Большевики сместили все понятия в системе отношений России с Западом. Текущее состояние дел в Европе они видели временным, они ждали решающего выяснения отношений в ходе социального взрыва. Победу над Германией они не видели в качестве общей с Западом цели — следовательно, объем общего с Западом резко уменьшился. Строго говоря, марксизм между Марксом и Лениным относился к международной дипломатии с презрением, как к делу временному, выполняющему пустые задачи накануне судного дня пролетарской революции. Россия пойдет вперед, ведомая самой передовой теоретической мыслью германской социал-демократии. Следует лишь продержаться до социального переворота в Германии.

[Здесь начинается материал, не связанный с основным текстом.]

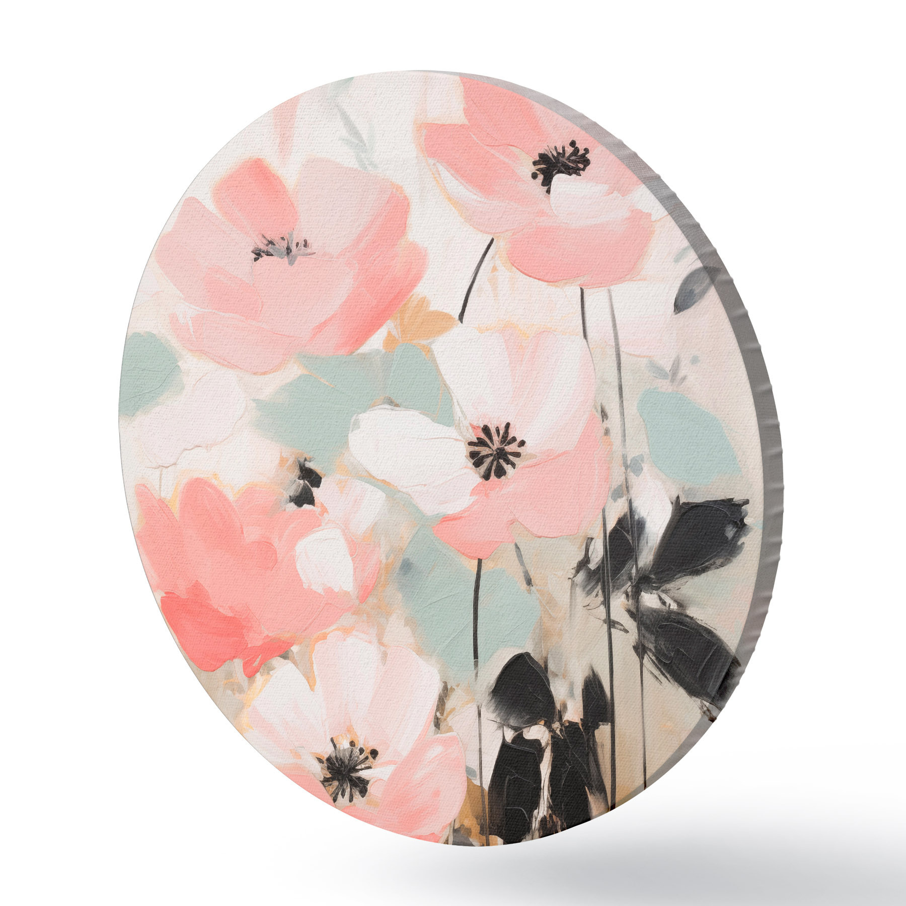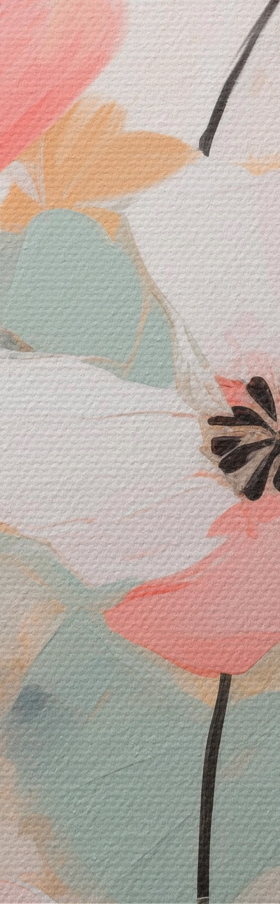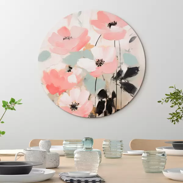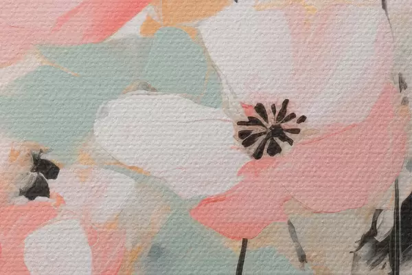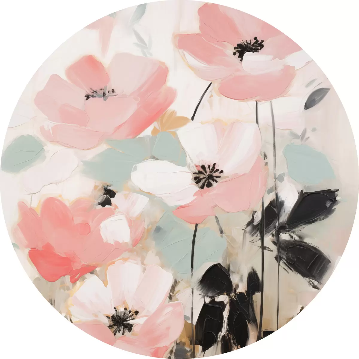 Kép Rózsaszín és fekete virágok levelekkel, lágy pasztell színek, absztrakt virágkompozíció, minimalista művészet Nr r46688

Для Ленина германская революция была «неизмеримо важнее нашей». Вина Ленина в конечном счете и состояла в том, что он пожертвовал национальными интересами ради чего-то «неизмеримо более важного». В.И. Ленин называл государство, главой правительства которого он являлся, лишь передовым отрядом мирового революционного пролетариата, существующим сепаратно «лишь ограниченный, возможно очень короткий период… Нашим спасением от возникших трудностей является революция во всей Европе». Но случилось так, что западные коммунистические партии стали не авангардом, а арьергардом русского коммунизма.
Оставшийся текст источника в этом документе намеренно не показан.